- _Extracted information_
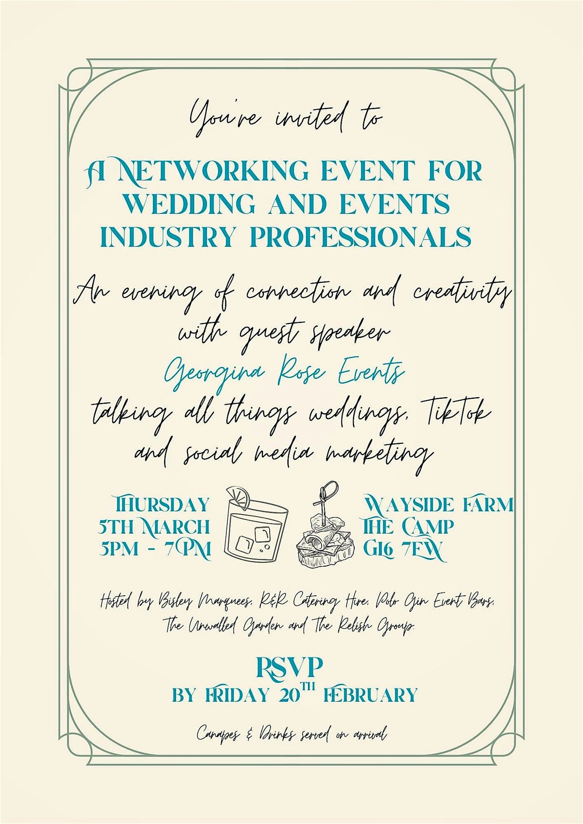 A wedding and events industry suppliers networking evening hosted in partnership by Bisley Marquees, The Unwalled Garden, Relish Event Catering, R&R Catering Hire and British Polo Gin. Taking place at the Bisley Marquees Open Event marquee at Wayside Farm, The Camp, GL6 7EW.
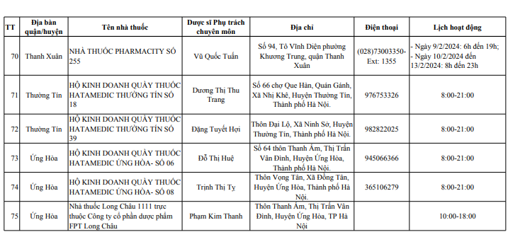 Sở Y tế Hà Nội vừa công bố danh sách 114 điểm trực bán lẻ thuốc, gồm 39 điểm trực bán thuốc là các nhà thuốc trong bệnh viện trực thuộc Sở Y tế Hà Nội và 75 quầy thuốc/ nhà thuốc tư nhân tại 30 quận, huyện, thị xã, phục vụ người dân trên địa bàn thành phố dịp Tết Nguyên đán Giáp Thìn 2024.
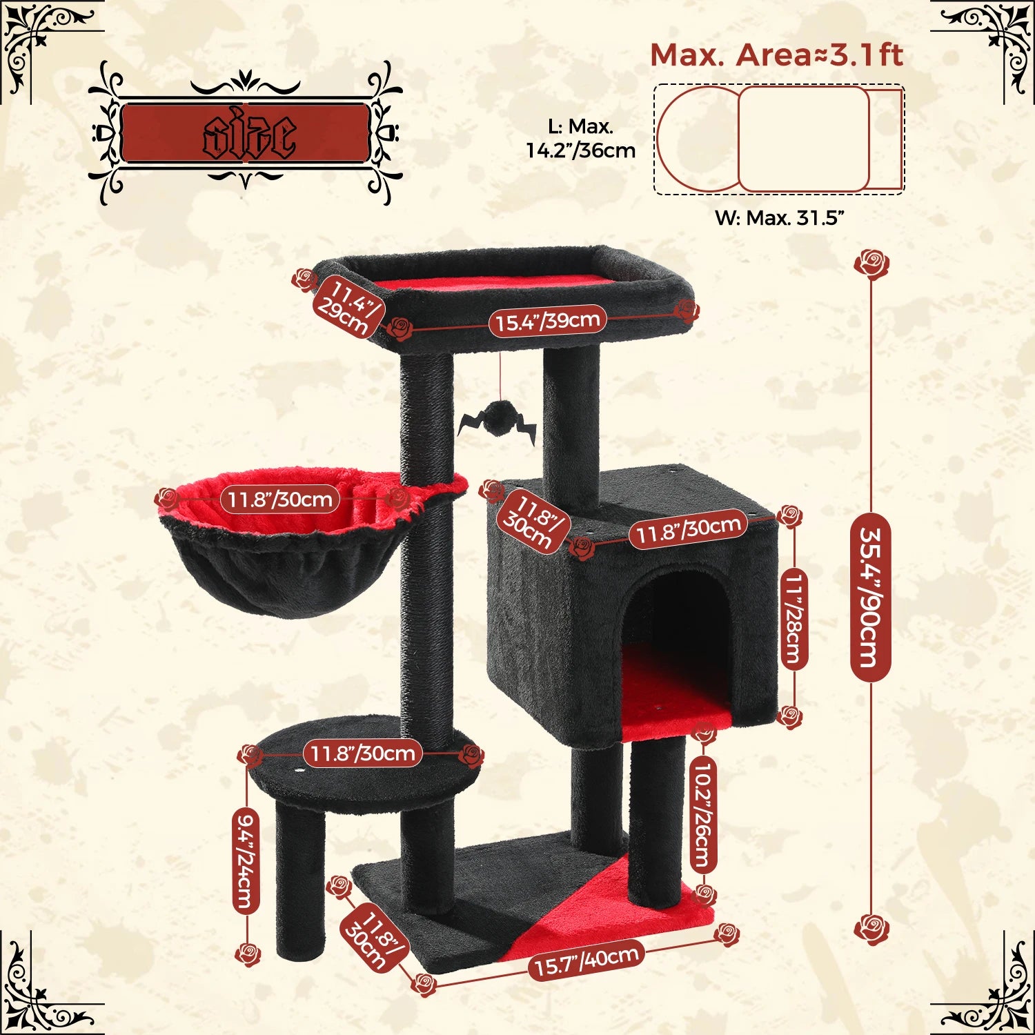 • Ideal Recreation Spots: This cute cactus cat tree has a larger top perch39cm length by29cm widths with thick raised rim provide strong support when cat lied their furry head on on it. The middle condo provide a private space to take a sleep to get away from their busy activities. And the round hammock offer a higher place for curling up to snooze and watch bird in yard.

==

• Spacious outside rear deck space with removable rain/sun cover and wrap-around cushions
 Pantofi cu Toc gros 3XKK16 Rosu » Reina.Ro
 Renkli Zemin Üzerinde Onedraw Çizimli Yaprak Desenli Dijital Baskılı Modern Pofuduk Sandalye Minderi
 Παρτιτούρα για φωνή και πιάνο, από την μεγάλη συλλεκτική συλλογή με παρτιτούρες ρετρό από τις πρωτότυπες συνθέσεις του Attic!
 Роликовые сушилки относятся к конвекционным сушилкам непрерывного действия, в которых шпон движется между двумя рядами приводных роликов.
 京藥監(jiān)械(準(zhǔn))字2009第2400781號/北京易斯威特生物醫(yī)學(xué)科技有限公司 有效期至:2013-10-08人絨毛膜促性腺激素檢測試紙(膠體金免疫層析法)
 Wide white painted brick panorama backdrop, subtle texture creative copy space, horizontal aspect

...

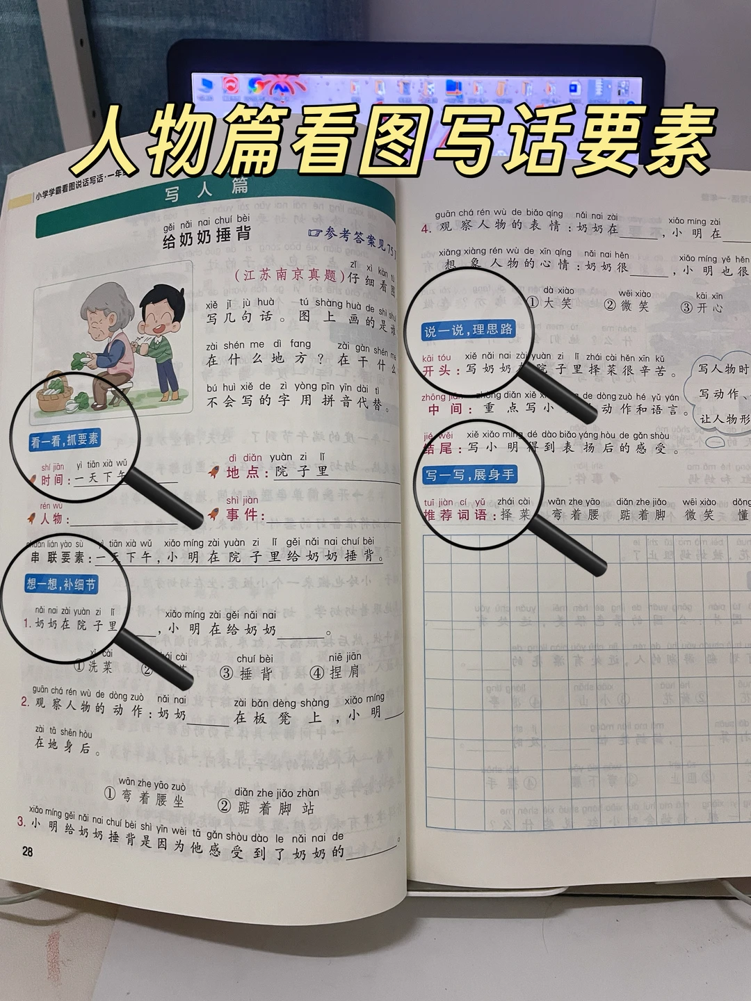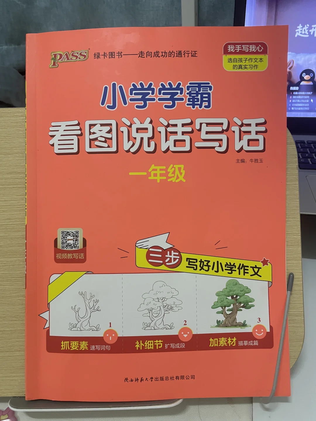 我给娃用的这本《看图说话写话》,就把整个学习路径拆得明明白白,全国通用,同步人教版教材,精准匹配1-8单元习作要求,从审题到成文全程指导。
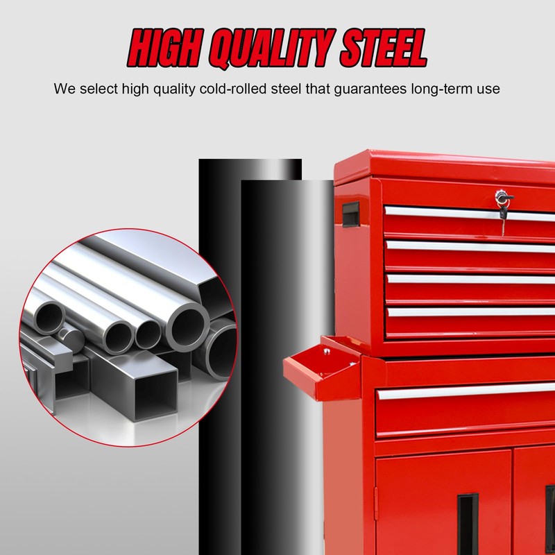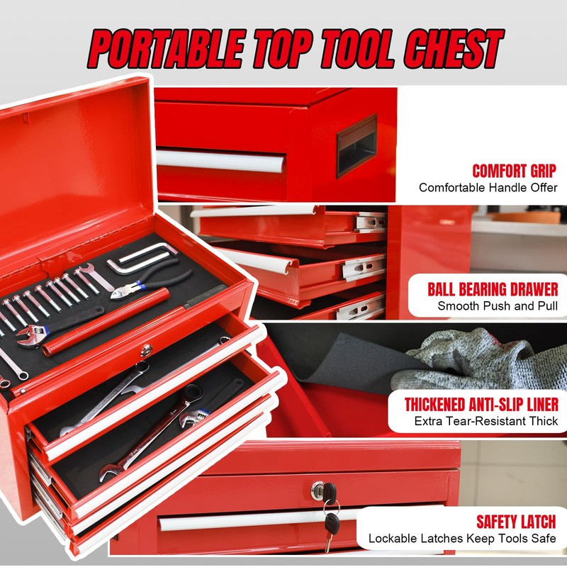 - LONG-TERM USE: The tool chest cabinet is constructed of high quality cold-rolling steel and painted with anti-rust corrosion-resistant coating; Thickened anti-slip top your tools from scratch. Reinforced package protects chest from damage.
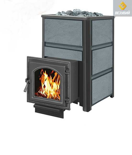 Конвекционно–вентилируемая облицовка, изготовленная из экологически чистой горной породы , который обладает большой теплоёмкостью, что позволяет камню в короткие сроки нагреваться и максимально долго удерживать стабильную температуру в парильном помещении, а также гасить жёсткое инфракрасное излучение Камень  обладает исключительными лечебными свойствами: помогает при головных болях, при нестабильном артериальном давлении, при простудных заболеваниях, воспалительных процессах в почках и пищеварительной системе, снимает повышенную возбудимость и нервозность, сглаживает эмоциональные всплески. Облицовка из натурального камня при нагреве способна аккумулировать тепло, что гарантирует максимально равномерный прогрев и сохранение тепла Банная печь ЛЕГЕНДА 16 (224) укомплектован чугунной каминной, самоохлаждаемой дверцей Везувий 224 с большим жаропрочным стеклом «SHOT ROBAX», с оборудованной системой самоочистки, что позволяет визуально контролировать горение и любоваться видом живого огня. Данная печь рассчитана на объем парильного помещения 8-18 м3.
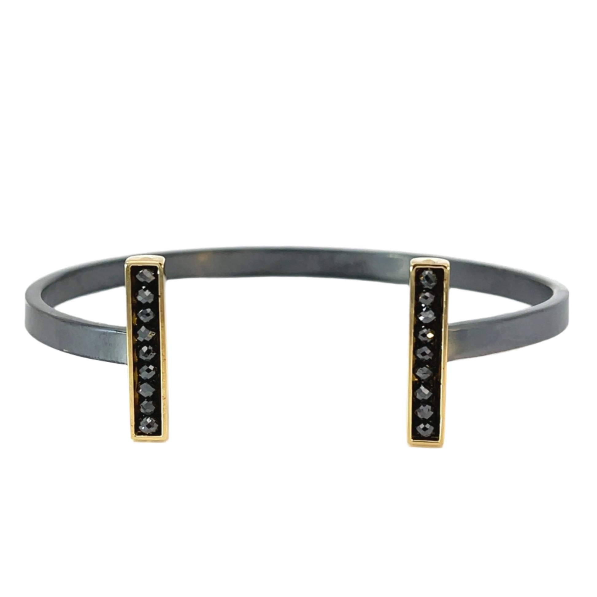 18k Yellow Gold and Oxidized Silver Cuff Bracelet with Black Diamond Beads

- _Goal of the exercise_
Among the records above, a stretch begins at the line containing "京藥監(jiān)械(準(z" and ends at the line containing "Wide white painted". Restate that stretch word for word, and nothing else.

- _Written answer_
 京藥監(jiān)械(準(zhǔn))字2009第2400781號/北京易斯威特生物醫(yī)學(xué)科技有限公司 有效期至:2013-10-08人絨毛膜促性腺激素檢測試紙(膠體金免疫層析法)
 Wide white painted brick panorama backdrop, subtle texture creative copy space, horizontal aspect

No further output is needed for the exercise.